Holding artificial intelligence accountable for its actions is easier said than done, predicts a team of British researchers.
In a paper published this week in the journal Science Robotics, researchers Sandra Wachter, Brent Mittelstadt, and Luciano Floridi point out that policing robotics is extremely difficult. And as artificial intelligence becomes more widespread, it’s going to become a greater problem for society. There are three discrete reasons robots and A.I. are going to be hard to regulate: robots and artificial intelligences are extremely diverse in application, construction, and transparency.
Problem 1: Robots and A.I. are diverse.
The problem we face in policing A.I. is exemplified with the Random DarkNet Shopper, an A.I. built by a group of Swiss artists to buy random items from the darknet in late 2014. The artificial intelligence ended up purchasing ecstasy, a Hungarian passport, and with other counterfeit items. The Swiss police confiscated the robot and its purchases, but returned it (minus the drugs) and artists responsible for the project were not charged.
Here, although the robot had a specific purpose, the intention of its illegal actions was non-harmful and accidental, and so the police didn’t press charges. But it’s easy to imagine that someone could build an A.I. to do the same thing and have less honorable intentions with the results. This is a problem. “The inscrutability and the diversity of A.I. complicate the legal codification of rights, which, if too broad or narrow, can inadvertently hamper innovation or provide little meaningful protection,” write the researchers.
Problem 2: Transparency
So you decide to build your A.I. with a neural net so it learns better and faster. But doing so means that you won’t be able to say exactly why it does what it does. Right now, this is a successful strategy used to build A.I. that can do complex tasks like analyze images. However, its success makes policing the actions of A.I. even more difficult, because these systems are becoming more and more popular.

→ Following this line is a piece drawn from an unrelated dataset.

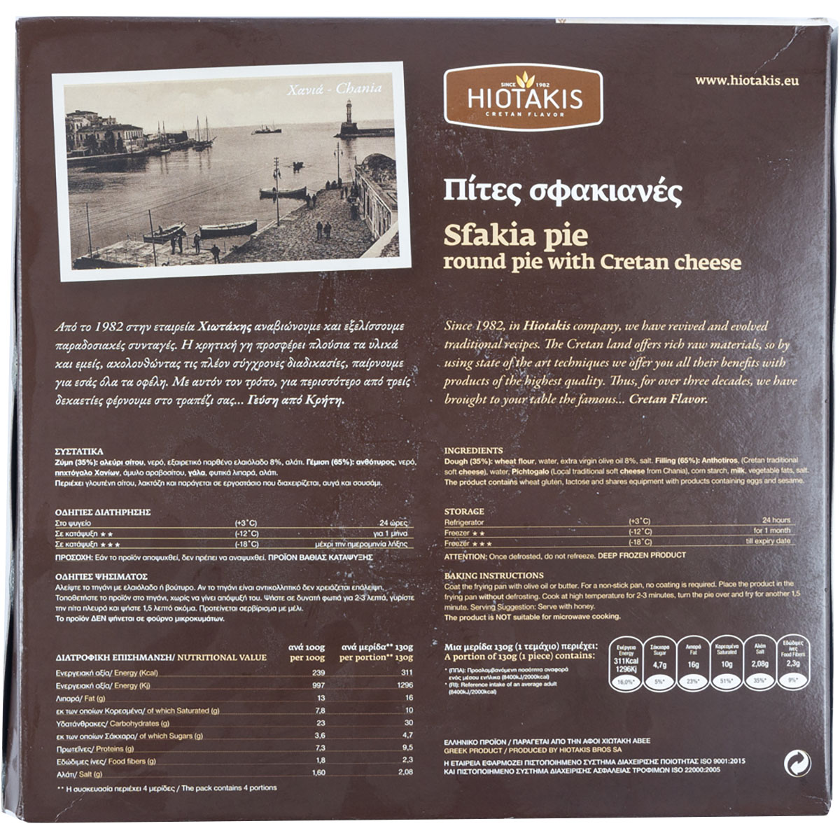 Γέμιση (65%): ανθότυρος, νερό, πηχτόγαλο Χανίων, άμυλο ΑΡΑΒΟΣΙΤΟΥ, ΓΑΛΑ, φυτικά λιπαρά, αλάτι.

If you can’t see what the Random DarkNet Shopper is actually doing, determining that it’s harmless is nearly impossible.
Problem 3: Construction
“Concerns about fairness, transparency, interpretability, and accountability are equivalent, have the same genesis, and must be addressed together, regardless of the mix of hardware, software, and data involved,” argue the researchers.
We tend to think of robots and A.I. as separate entities. But as things like facial recognition software are used by robotic cops, the difference becomes less clear. If facial recognition is racist, we could build racist robo-cops, which means we have to regulate robots that use A.I. as well. And it becomes even more difficult when A.I. can build other A.I. , which Google demonstrated at the end of May.
In the end, the solution requires extremely precise regulations and ways to interpret black box systems that we don’t have yet. “The civil law resolution on robotics similarly struggles to define precise accountability mechanisms,” write the researchers. And as A.I. continues to spread, that’s a problem that will get worse.